About 48 GB — the minimum this recipe targets.

How hard is this setup?

Advanced — follow the steps above.

North Mini Code 1.0 on Apple M3 Max: Local Agentic Coding via llama.cpp Metal + OpenHands (48GB Unified Memory)

What You'll Build

A local, private agentic-coding setup: North Mini Code 1.0 — Cohere Labs' open Apache-2.0 Mixture-of-Experts coding model — served as an OpenAI-compatible endpoint by llama.cpp using Apple's Metal backend on an Apple M3 Max with 48 GB unified memory, driven by the OpenHands coding agent so the model can read your repo, run shell commands, and edit files. There is no NVIDIA GPU, no CUDA, no FlashAttention. North Mini Code is a 30B-A3B MoE (30B total parameters, ~3B active per token) built for pure agentic coding: it emits native JSON-schema tool calls and supports interleaved thinking (a reasoning stream alongside its tool calls). Unlike the tight-fit 24 GB NVIDIA cards — where Q4_K_M (~17.5 GB) is the only quant that fits with working context — the M3 Max's 48 GB unified pool is roomy enough to lead with the near-lossless Q6_K quant (24.59 GB) and still leave room for the KV cache and a real context window.

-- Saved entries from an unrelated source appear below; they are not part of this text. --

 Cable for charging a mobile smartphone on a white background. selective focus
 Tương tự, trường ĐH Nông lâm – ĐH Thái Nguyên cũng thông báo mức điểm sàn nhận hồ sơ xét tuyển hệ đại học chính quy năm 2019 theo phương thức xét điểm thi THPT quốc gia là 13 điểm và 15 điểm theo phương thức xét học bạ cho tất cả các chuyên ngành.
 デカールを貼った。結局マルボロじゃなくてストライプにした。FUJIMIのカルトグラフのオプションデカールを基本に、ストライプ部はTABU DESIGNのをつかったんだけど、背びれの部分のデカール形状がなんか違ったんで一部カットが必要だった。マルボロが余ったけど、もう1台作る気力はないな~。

Hardware data: Apple M3 Max (48 GB unified memory) · North Mini Code 1.0 Q6_K GGUF (24.59 GB weights) · roomy fit, real context · See benchmark data

ℹ️ Apache-2.0 — commercial use is allowed. North Mini Code 1.0 ships under Apache-2.0, which is notable because Cohere's open weights usually land under the non-commercial CC-BY-NC. Apache-2.0 is a permissive license: you may use, modify, and deploy this model commercially. Confirm the terms against the model card before you ship.

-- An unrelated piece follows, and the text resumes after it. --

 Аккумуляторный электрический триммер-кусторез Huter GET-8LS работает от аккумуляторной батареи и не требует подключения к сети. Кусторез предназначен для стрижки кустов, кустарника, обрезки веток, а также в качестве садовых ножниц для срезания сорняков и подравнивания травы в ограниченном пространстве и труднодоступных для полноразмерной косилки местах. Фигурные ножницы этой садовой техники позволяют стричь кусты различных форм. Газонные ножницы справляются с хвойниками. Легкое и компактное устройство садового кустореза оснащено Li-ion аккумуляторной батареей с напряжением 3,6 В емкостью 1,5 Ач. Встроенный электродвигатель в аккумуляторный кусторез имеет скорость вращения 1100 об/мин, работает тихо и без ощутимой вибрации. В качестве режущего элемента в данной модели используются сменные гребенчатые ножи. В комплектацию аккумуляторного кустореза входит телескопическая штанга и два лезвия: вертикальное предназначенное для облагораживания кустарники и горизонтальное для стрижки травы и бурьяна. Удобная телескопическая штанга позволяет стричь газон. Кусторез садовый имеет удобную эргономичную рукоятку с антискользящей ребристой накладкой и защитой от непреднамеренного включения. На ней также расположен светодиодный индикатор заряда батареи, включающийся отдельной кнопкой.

ℹ️ Unified memory is not VRAM. The M3 Max has 48 GB of unified memory shared by the OS, CPU, and GPU — it is not 48 GB of dedicated VRAM. By default macOS lets the GPU address only roughly two-thirds of it (~32 GB safe / ~36 GB optimistic via Metal's recommendedMaxWorkingSetSize) on a sub-64 GB Mac. That is still roomy for the 30B-A3B — the recommended Q6_K (24.59 GB) fits within the ~32 GB safe pool with room for the KV cache and a real context window; Q8_0 (30.21 GB) fits with headroom too but is near the safe-pool edge and may want the wired limit raised for a large KV cache; Q5_K_M (20.34 GB) / Q4_K_M (~17.5 GB) run with even more context to spare. This is the opposite of the 24 GB cards, where Q4_K_M was a squeeze. Loading a large model may require raising the GPU wired-memory limit once — see Troubleshooting.

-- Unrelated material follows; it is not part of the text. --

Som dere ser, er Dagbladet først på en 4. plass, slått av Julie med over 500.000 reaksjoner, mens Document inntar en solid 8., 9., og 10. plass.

ℹ️ An MoE keeps all experts resident — the file size is the memory cost. North Mini Code is a 128-expert Mixture-of-Experts that activates 8 experts per token (~3B active parameters). The low active count is a speed property — it does not shrink memory. All 128 experts stay loaded, so the footprint is the full quant file — 24.59 GB at Q6_K, not some smaller "active" fraction. Do not expect the ~3B-active figure to reduce the memory requirement.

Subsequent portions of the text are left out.